[REQUIRED ACTION] Below this task are records; return each one exactly and omit its images.

[ENTRIES SUPPLIED]
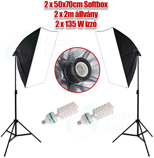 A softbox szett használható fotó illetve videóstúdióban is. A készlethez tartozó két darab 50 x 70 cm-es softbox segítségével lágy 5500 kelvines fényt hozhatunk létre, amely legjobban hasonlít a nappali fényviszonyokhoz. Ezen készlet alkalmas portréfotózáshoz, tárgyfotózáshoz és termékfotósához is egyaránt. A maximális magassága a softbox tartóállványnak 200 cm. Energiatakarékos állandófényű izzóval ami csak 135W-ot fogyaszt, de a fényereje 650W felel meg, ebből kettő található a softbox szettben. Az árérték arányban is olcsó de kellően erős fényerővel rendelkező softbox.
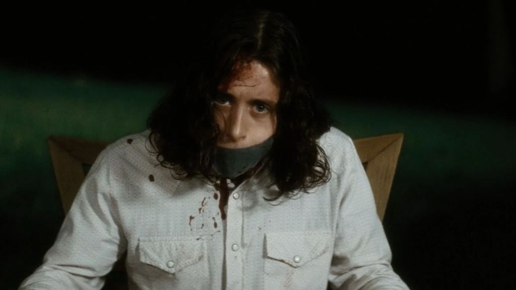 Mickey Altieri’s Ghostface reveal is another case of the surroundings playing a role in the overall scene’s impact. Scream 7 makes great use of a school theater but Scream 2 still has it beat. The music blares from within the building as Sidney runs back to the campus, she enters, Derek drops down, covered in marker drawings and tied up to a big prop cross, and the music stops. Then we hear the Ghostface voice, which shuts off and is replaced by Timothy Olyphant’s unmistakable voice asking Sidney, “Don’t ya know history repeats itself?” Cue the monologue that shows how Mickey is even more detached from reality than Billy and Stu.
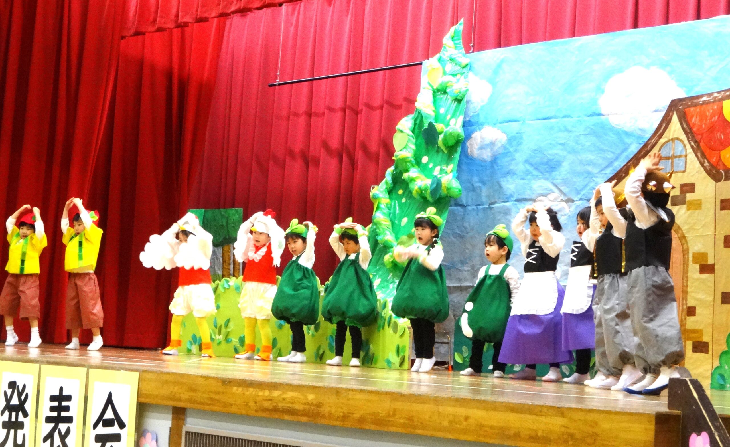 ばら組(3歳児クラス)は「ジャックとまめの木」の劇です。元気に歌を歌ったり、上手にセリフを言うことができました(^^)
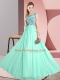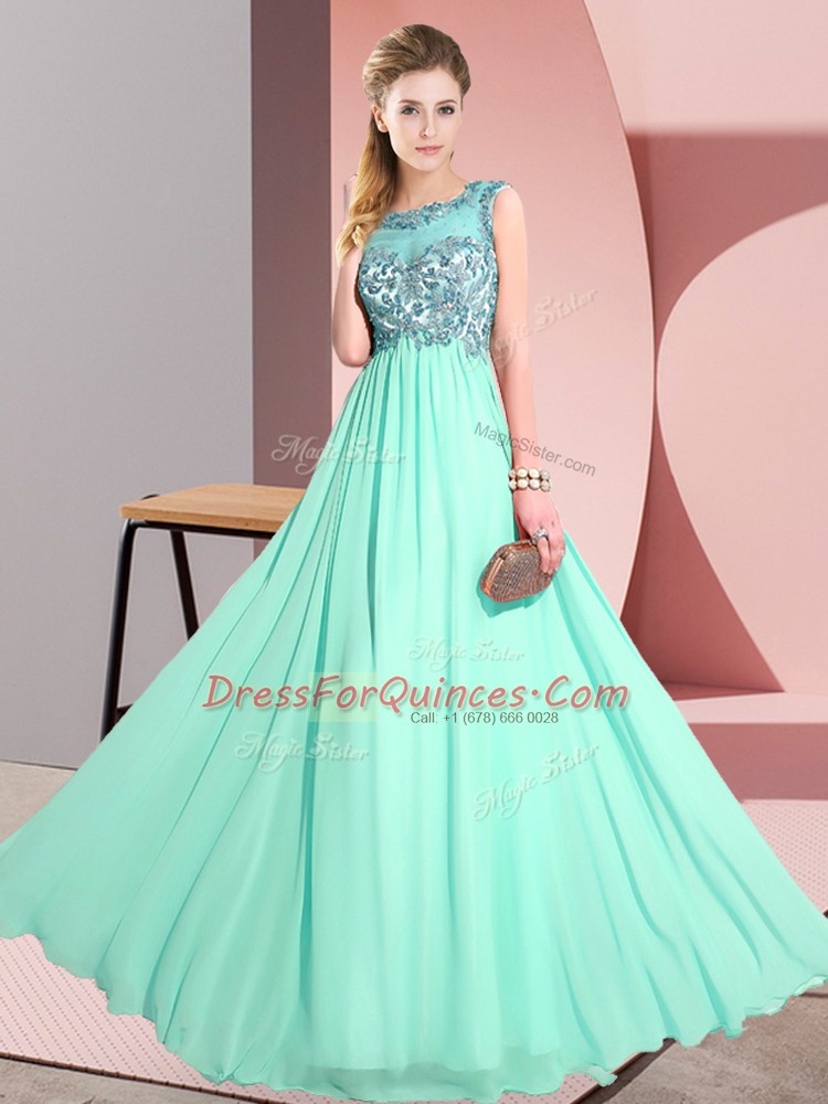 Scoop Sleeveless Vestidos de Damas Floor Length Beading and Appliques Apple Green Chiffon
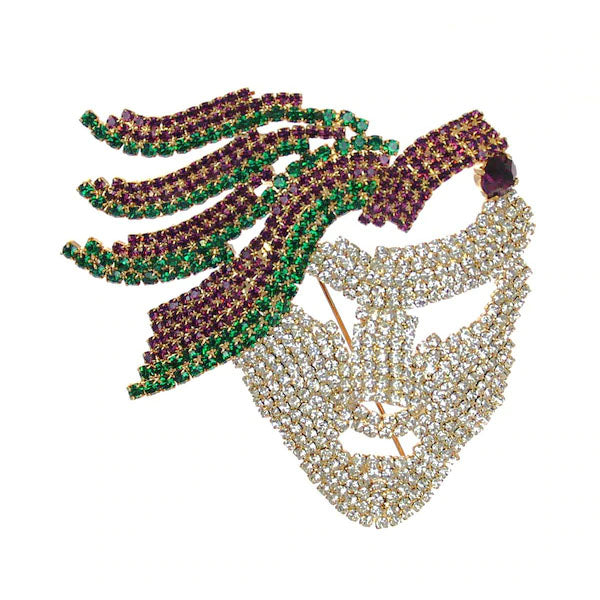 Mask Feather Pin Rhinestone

[SOLUTION BELOW]
 A softbox szett használható fotó illetve videóstúdióban is. A készlethez tartozó két darab 50 x 70 cm-es softbox segítségével lágy 5500 kelvines fényt hozhatunk létre, amely legjobban hasonlít a nappali fényviszonyokhoz. Ezen készlet alkalmas portréfotózáshoz, tárgyfotózáshoz és termékfotósához is egyaránt. A maximális magassága a softbox tartóállványnak 200 cm. Energiatakarékos állandófényű izzóval ami csak 135W-ot fogyaszt, de a fényereje 650W felel meg, ebből kettő található a softbox szettben. Az árérték arányban is olcsó de kellően erős fényerővel rendelkező softbox.
 Mickey Altieri’s Ghostface reveal is another case of the surroundings playing a role in the overall scene’s impact. Scream 7 makes great use of a school theater but Scream 2 still has it beat. The music blares from within the building as Sidney runs back to the campus, she enters, Derek drops down, covered in marker drawings and tied up to a big prop cross, and the music stops. Then we hear the Ghostface voice, which shuts off and is replaced by Timothy Olyphant’s unmistakable voice asking Sidney, “Don’t ya know history repeats itself?” Cue the monologue that shows how Mickey is even more detached from reality than Billy and Stu.
 ばら組(3歳児クラス)は「ジャックとまめの木」の劇です。元気に歌を歌ったり、上手にセリフを言うことができました(^^)
 Scoop Sleeveless Vestidos de Damas Floor Length Beading and Appliques Apple Green Chiffon
 Mask Feather Pin Rhinestone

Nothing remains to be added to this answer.